L'action Crédit Agricole progresse de 2,77 % à mi-journée, portée par UBS et Oddo
Le titre Crédit Agricole affiche une progression de 2,77 % à mi-journée ce mardi 27 janvier 2026, s'établissant à 18,2050 euros contre 17,72 euros la veille. Cette performance se situe dans la continuité d'une dynamique positive amorcée ces dernières semaines, avec un gain de 4,6 % sur sept jours et de 11,45 % sur trois mois. Le groupe bancaire bénéficie d'une actualité à la fois boursière et stratégique marquée par plusieurs événements récents.

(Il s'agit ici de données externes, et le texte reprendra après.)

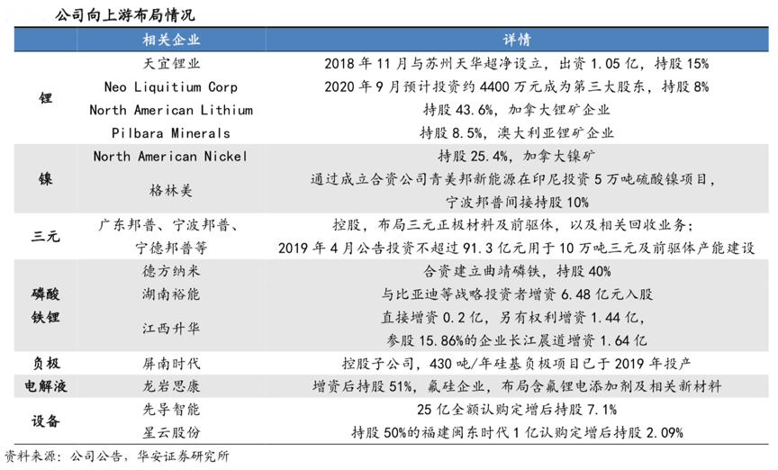 經(jīng)典案例:根據(jù)公司公告、華安證券研究所等綜合資訊表明,寧德時代公司掌握了產(chǎn)業(yè)鏈話語權(quán),其專利遍布產(chǎn)業(yè)鏈各大環(huán)節(jié),技術(shù)向上游滲透。2020年上半年疫情影響下,毛利率變化凸顯其產(chǎn)業(yè)鏈龍頭地位。預(yù)收賬款彰顯對下游話語權(quán),“CTP”和“CTC”技術(shù)向下游滲透。其在鋰電全產(chǎn)業(yè)鏈進行布局,把控核心原料;立足于長期發(fā)展,190億元投資產(chǎn)業(yè)鏈上下游優(yōu)質(zhì)企業(yè)。

UBS et Oddo BHF rehaussent simultanément leurs objectifs de cours
Deux maisons d'analyse ont simultanément revu à la hausse leurs estimations sur le dossier ce mardi. UBS a émis une recommandation d'achat en fixant un objectif de cours à 20,40 euros, tandis qu'Oddo BHF a émis un avis surperformer avec une cible à 20 euros. Ces valorisations suggèrent respectivement des potentiels de hausse de 12 % et de 9,9 % par rapport au cours actuel.
Ces révisions interviennent alors que Crédit Agricole présente des fondamentaux solides, appuyés sur un environnement technique favorable. Le titre évolue désormais au-dessus de ses moyennes mobiles à 50 jours (17,10 euros) et 200 jours (16,54 euros), confirmant une tendance haussière installée. L'indicateur RSI à 54 points reste dans une zone neutre, laissant de la marge avant d'atteindre une situation de surachat. La banque publiera ses résultats annuels 2025 le 4 février prochain, un rendez-vous qui pourrait confirmer la trajectoire positive du groupe sur l'ensemble de l'exercice écoulé.
Le groupe déploie un fonds de 100 millions pour les PME françaises
Crédit Agricole Assurances et IDIA Capital Investissement viennent de créer un véhicule d'investissement doté de 100 millions d'euros, baptisé « Crédit Agricole Assurances Avenir et Territoires ». Ce fonds Evergreen, classé Article 8 selon la réglementation SFDR, cible les PME et ETI françaises pour financer leurs besoins en capitaux propres et quasi-capitaux sur le long terme. Le dispositif s'inscrit dans une logique de proximité territoriale en s'appuyant sur les réseaux LCL et des Caisses régionales.
Parallèlement, l'établissement fait face à des tensions sociales après un débrayage national organisé le 22 janvier dernier par plusieurs syndicats. Les 78 000 collaborateurs de la Fédération nationale ont été appelés à cesser le travail pour protester contre des augmentations salariales jugées insuffisantes et des suppressions de postes. Des rassemblements ont mobilisé les employés dans plusieurs régions, notamment à Valence, en Bourgogne et en Aveyron, reflétant un malaise social à l'échelle du réseau malgré les bons résultats financiers affichés par le groupe sur l'exercice 2024.